Have I interpreted my risk too high from my cardiac surgeon?
68 years old. 6'1". 190 pounds. BP 85/125 almost daily reading average since diagnosed in 2019 with 43 mm ascending arch aneurysm. 2.5mg bisoprolol. 80 mg statin aneurysm after 2019 TIA (no deficits). Daily low dose ASA.
Skinny, physically hyperactive kid of the 1960s in rural Canada. 1980-2018 career climbing mountains on 3 continents as a professional prospector in the Canadian mining exploration industry. Cyclist.
Short story...I've been kept by my career to be physically fit and healthy my entire life. But I had a mild TIA in 2019 ( no deficits) determined to be a blood clot. Followup work found the aneurysm and subsequently also a stage 3 malignant tumour on a kidney with both surgically removed. No cancer indicators afterward and no longer monitored.

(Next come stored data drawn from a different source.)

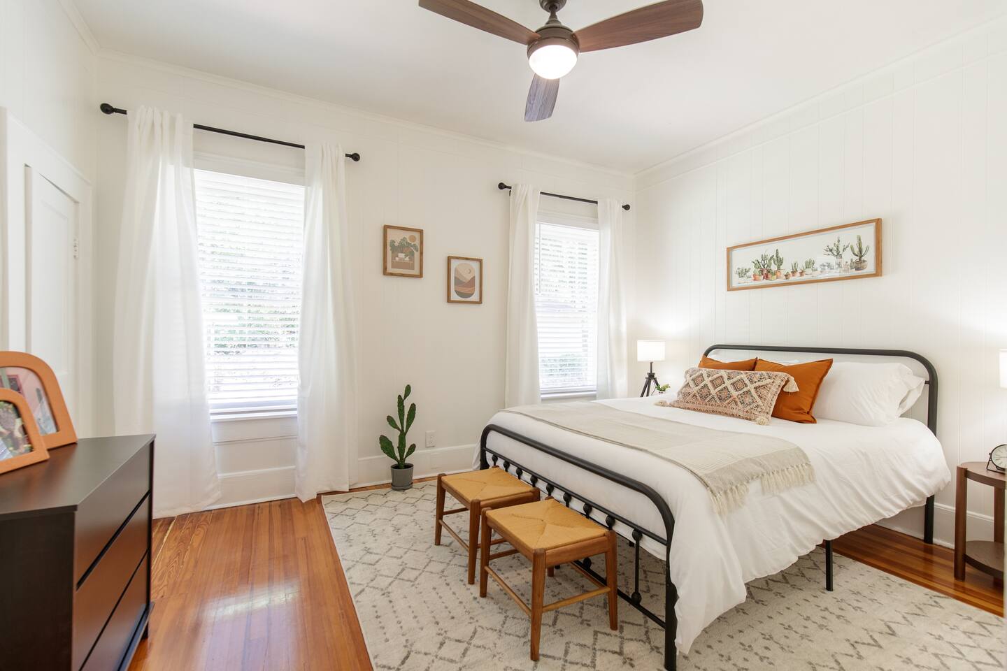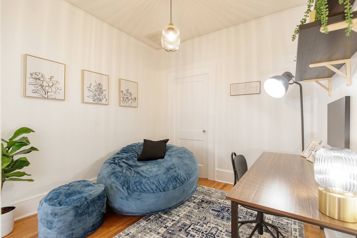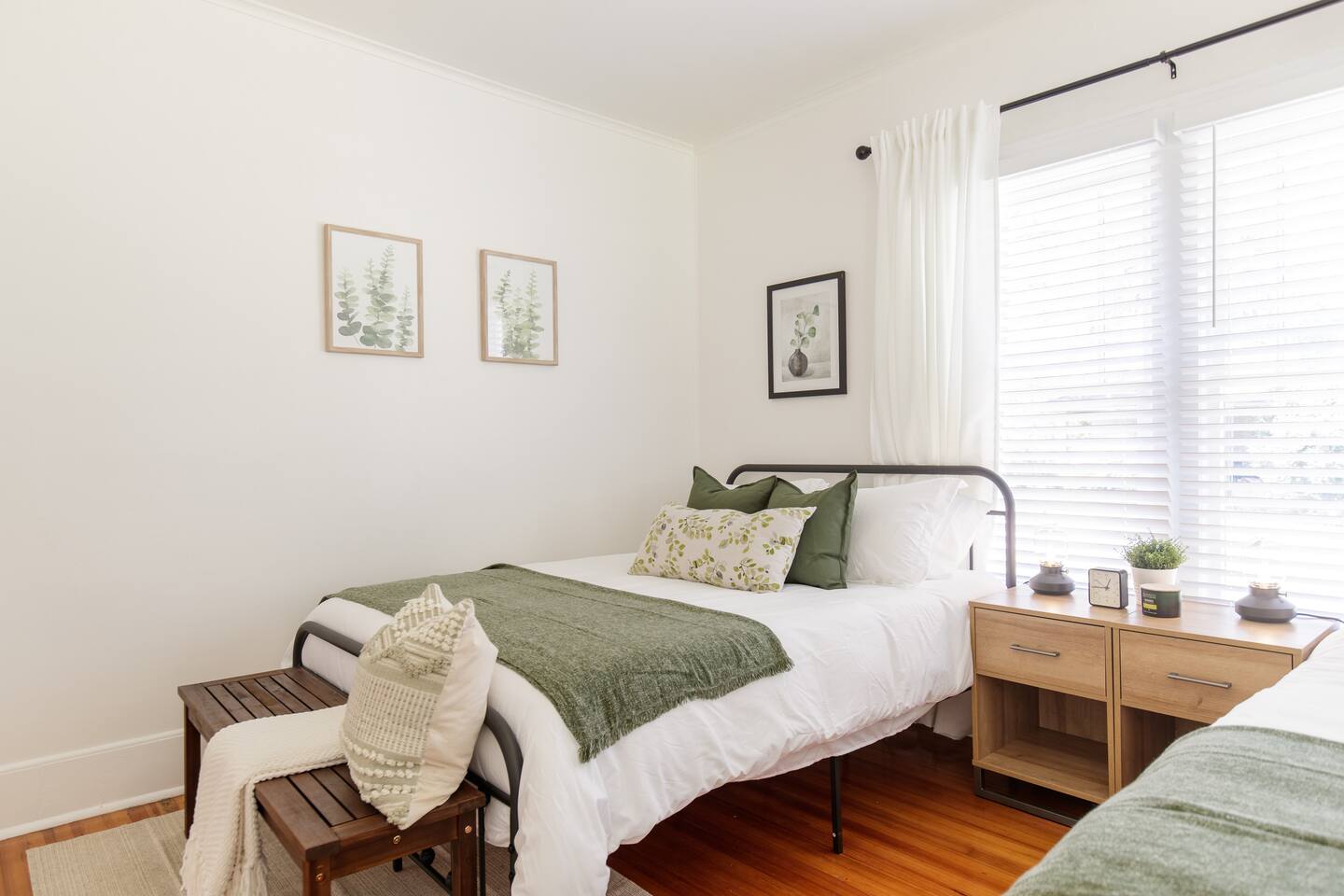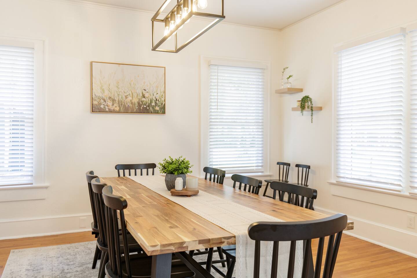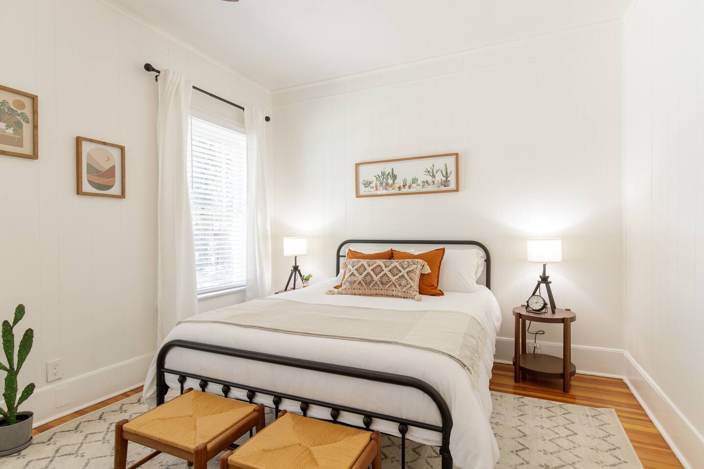 This renovated 100-year-old cottage has been carefully updated while preserving the warmth and charm that make it special. 🛏 Sleeping & Layout -King primary suite with private bath -Bedroom with two queen beds -Additional queen bedroom -Twin daybed in sunroom -Ideal for families, wedding guests & road trip groups -Most comfortable for 6–8 guests (max 10) 🛋 Living Spaces -Spacious open living & dining area -70” 4K TV for movie nights -Separate office/lounge with desk + oversized beanbag -Light-filled sunroom with hanging egg chair -Multiple cozy nooks for reading or relaxing 🍳 Kitchen & Dining -Fully stocked kitchen for home-cooked meals -Restored vintage cast iron sink -Breakfast nook with French press & drip coffee maker -Coffee, sugar & creamer provided -Dining table seating for 8 🌿 Outdoor Living -Front porch swing & rocking chairs -Fenced backyard (great for kids) -Patio dining area with umbrella -Propane grill for cookouts -Quiet historic neighborhood 📍 Location -3 minutes to VSU -3 minutes to SGMC -9 minutes to Publix -10 minutes to I-75 -19 minutes to Wild Adventures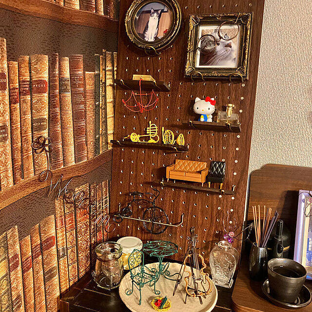 GowBooさんは、ダイソーの有孔ボードにパーツを取り付けて、ディスプレイラックをDIYしています。立派な棚ですが、材料費は1000円かかっていないそうです。BOOKSHELF柄のタペストリーとの雰囲気も合っていて、統一感のある空間ですね。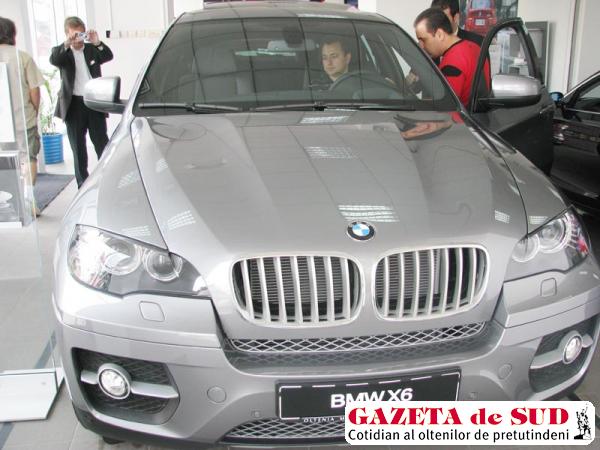 Prima unitate X6, noul şi nonconformistul model al mărcii bavareze, a fost prezentată oficial sâmbătă publicului din Bănie, în cadrul unui eveniment desfăşurat la sediul dealerului local BMW, Oltenia Motors. SAV-ul (Sports Activity Coupe), căci vorbim de un concept nou, se diferenţiază de „fratele“ X5 prin numărul de locuri, X6 primind numai patru pasageri în habitaclu, deşi este construit pe aceeaşi platformă. Din acest punct de vedere, se poate spune că X6 este primul SUV cu patru uşi. Liniile caroseriei aduc cu forma unui coupe, însă BMW l-a dotat pe acesta cu patru portiere. Modelul marchează un nou subsegment în domeniul auto. În privinţa motorizării, X6 are numai propulsoare cu dublă supraalimentare. Gama de propulsoare include un V8 pe benzină cu Twin Turbo (407 CP), altul în şase cilindri cu Twin Turbo (306 CP), un diesel în şase cilindri cu Variable Twin Turbo (286 CP) şi tot un diesel în şase cilindri cu supraalimentare, de 235 CP. Transmisia automată cu şase trepte şi dinamică optimizată este disponibilă la toate versiunile de motorizare.
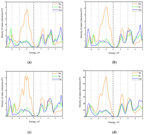 Partial DOS from different atoms in different configurations of InGaSe alloy: (a) GaSe-InSe heterostructure; (b) Ga-vdW-Ga; (c) Ga-vdW-In; (d) randomly distributed cations.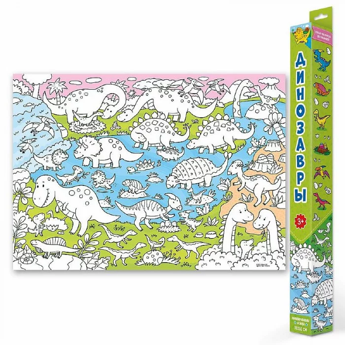 Плакат-раскраска для малышей. Динозавры. 70х50 см. ГЕОДОМ, изд.: Гео-дом

Sorry for the long build up.
Here's my concern. After reading so many cases on this forum of aneurysms that are far larger than mine, it supports my concern that my cardiac surgeon may have over emphasized my risk or that I have misinterpreted the level of risk.
I retired early because of the issues listed above, lead by the aneurysm. I've followed my surgeon's recommendations such as no explosive isometric exercise, stopped what was social level drinking and maintain my healthy diet. But my physical fitness is gone as I tend to worry about my aneurysm and have evolved into a couch potato who can list gardening as a pathetic apex of my physical activity. I also have never had to artificially maintain my fitness and the thought of a gym or a routine is crinchable. I'd like to go cycling again and back to climbing mountains found more than a couple hours away from a cardiac surgeon.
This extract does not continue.